TASK INSTRUCTIONS
Copy the first line of the entries below and every line after it through the line containing "I swear I have". Do not include pictures.
[[ RECORDS FOR THE EXERCISE open ]]
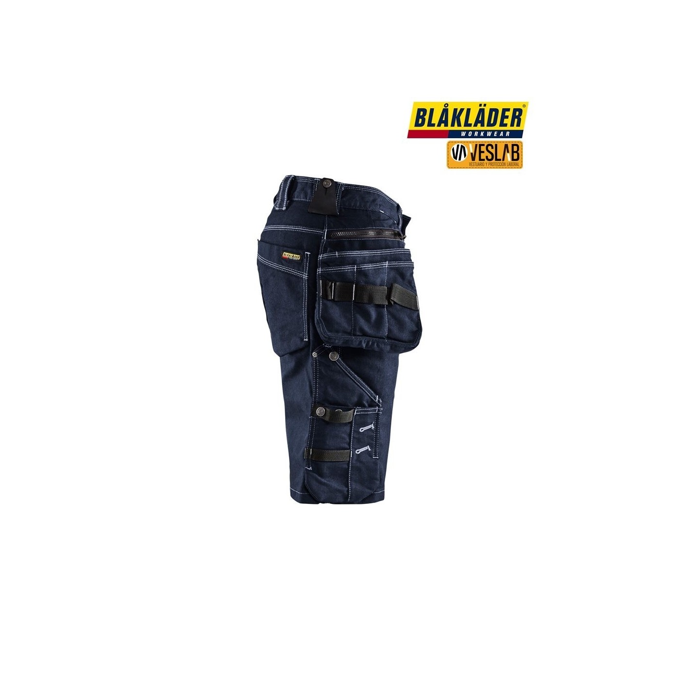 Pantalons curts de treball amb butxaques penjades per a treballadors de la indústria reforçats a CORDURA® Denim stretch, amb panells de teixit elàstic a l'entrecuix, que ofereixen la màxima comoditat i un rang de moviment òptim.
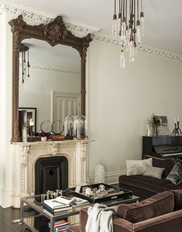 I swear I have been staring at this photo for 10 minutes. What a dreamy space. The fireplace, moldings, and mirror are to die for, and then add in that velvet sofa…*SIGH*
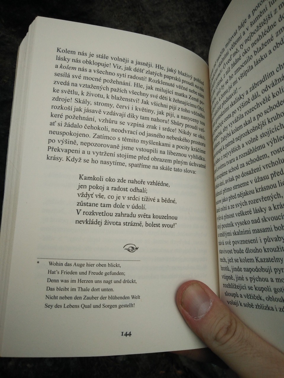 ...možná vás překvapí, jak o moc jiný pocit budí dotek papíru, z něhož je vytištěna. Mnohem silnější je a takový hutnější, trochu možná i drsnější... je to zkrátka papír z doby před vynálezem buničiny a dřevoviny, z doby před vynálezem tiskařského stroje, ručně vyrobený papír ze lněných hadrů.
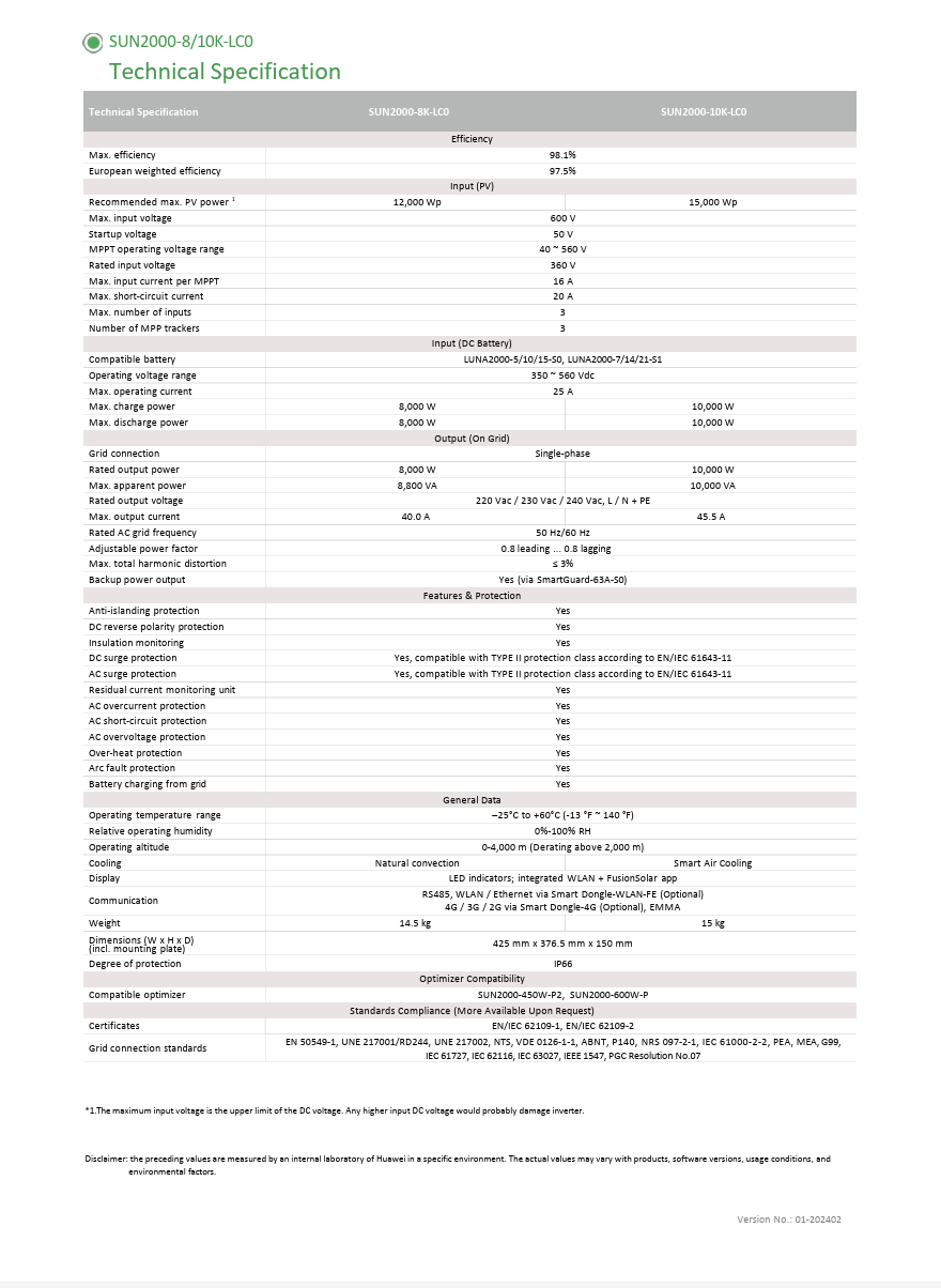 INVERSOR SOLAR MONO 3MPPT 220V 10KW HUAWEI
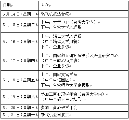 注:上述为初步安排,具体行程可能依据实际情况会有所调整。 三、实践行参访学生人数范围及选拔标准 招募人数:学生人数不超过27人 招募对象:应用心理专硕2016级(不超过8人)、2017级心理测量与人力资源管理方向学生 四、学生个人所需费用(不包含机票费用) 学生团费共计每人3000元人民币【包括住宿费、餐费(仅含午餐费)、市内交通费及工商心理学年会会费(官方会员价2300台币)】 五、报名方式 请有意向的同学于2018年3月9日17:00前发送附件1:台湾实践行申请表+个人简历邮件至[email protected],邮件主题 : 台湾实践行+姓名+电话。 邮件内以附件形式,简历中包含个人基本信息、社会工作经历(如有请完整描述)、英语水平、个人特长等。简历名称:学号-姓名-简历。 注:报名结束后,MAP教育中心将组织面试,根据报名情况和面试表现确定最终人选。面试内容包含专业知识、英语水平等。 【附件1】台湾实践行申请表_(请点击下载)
[[ RECORDS FOR THE EXERCISE closed ]]
RESULT FOR THIS EXERCISE
 Pantalons curts de treball amb butxaques penjades per a treballadors de la indústria reforçats a CORDURA® Denim stretch, amb panells de teixit elàstic a l'entrecuix, que ofereixen la màxima comoditat i un rang de moviment òptim.
 I swear I have been staring at this photo for 10 minutes. What a dreamy space. The fireplace, moldings, and mirror are to die for, and then add in that velvet sofa…*SIGH*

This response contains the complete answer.